Research output: Contribution to journalArticle

13 Citations (Scopus)

Abstract

DNA-protein cross-links (DPCs) are bulky DNA lesions that form both endogenously and following exposure to bis-electrophiles such as common antitumor agents. The structural and biological consequences of DPCs have not been fully elucidated due to the complexity of these adducts. The most common site of DPC formation in DNA following treatment with bis-electrophiles such as nitrogen mustards and cisplatin is the N7 position of guanine, but the resulting conjugates are hydrolytically labile and thus are not suitable for structural and biological studies. In this report, hydrolytically stable structural mimics of N7-guanine-conjugated DPCs were generated by reductive amination reactions between the Lys and Arg side chains of proteins/peptides and aldehyde groups linked to 7-deazaguanine residues in DNA. These model DPCs were subjected to in vitro replication in the presence of human translesion synthesis DNA polymerases.
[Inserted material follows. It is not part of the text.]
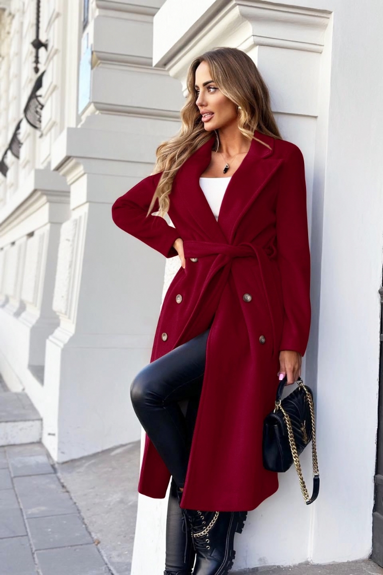 Αναδείξτε τη θηλυκότητα και τη δυναμική σας με το παλτό σε μπορντό απόχρωση, που ξεχωρίζει για τα κομψά κουμπιά και τη ζώνη στη μέση.
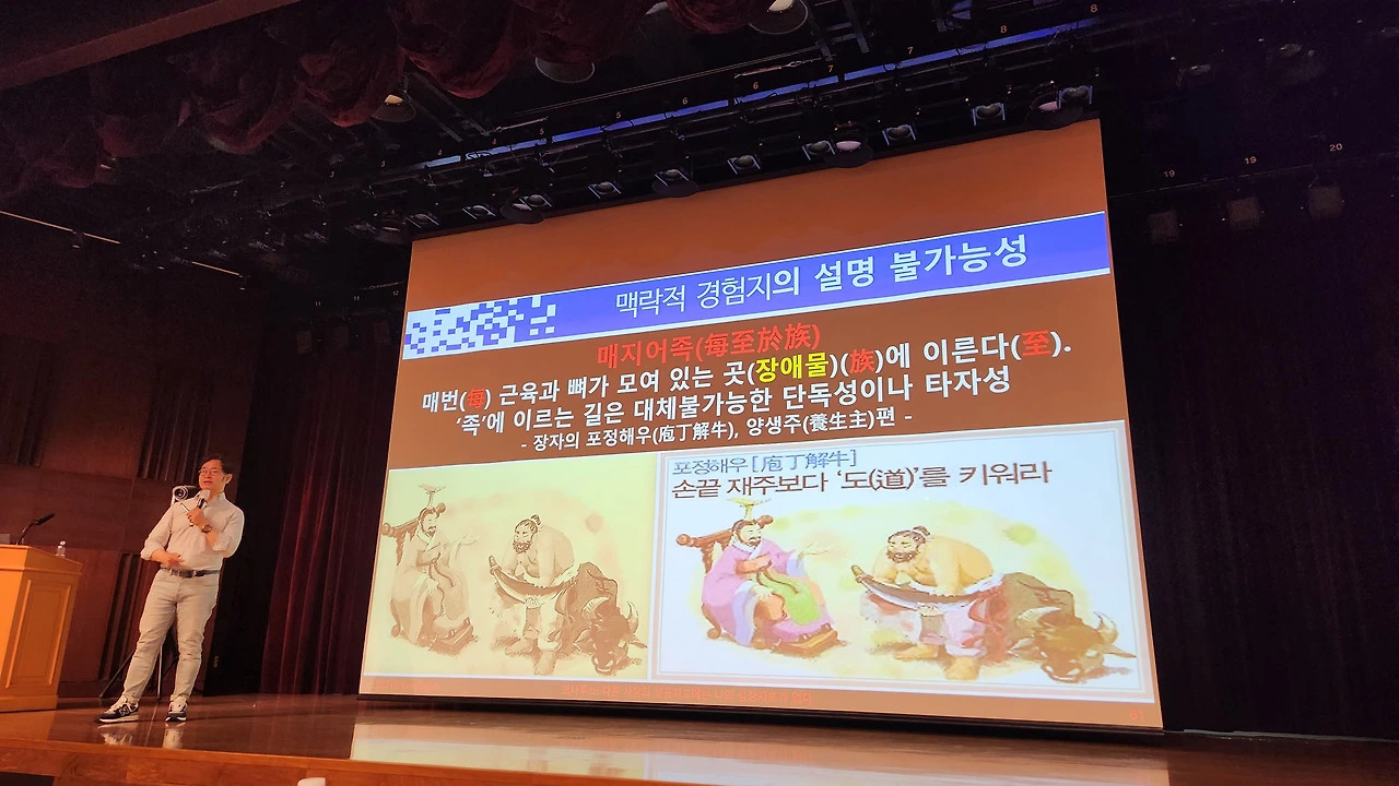 여러분 제가 오늘 여러분 앞에서 강의를 할까요 아니면 강연을 할까요? 강의는 머리를 채워주고 강연은 가슴을 뛰게 합니다. 유영만 교수는 강의 중에 '가슴을 뛰게' 하는 이란 말을 많이 했다. 그의 강연은 어떤 논리를 펼치거나 지식을 채우는 강의가 아니고 가슴을 뛰게 하는 강연이다. 그는 청중에게 머리로 생각하지 말로 몸으로 생각하라고 말한다. 도전하고 경험하여 자기만의 새로운 경지를 이루라는 이야기이다. 그의 강의는 다음과 같은 요지로 이어졌다.

DPCs containing full-length proteins (11-28 kDa) or a 23-mer peptide blocked human polymerases η and κ. DPC conjugates to a 10-mer peptide were bypassed with nucleotide insertion efficiency 50-100-fold lower than for native G. Both human polymerase (hPol) κ and hPol η inserted the correct base (C) opposite the 10-mer peptide cross-link, although small amounts of T were added by hPol η. Molecular dynamics simulation of an hPol κ ternary complex containing a template-primer DNA with dCTP opposite the 10-mer peptide DPC revealed that this bulky lesion can be accommodated in the polymerase active site by aligning with the major groove of the adducted DNA within the ternary complex of polymerase and dCTP.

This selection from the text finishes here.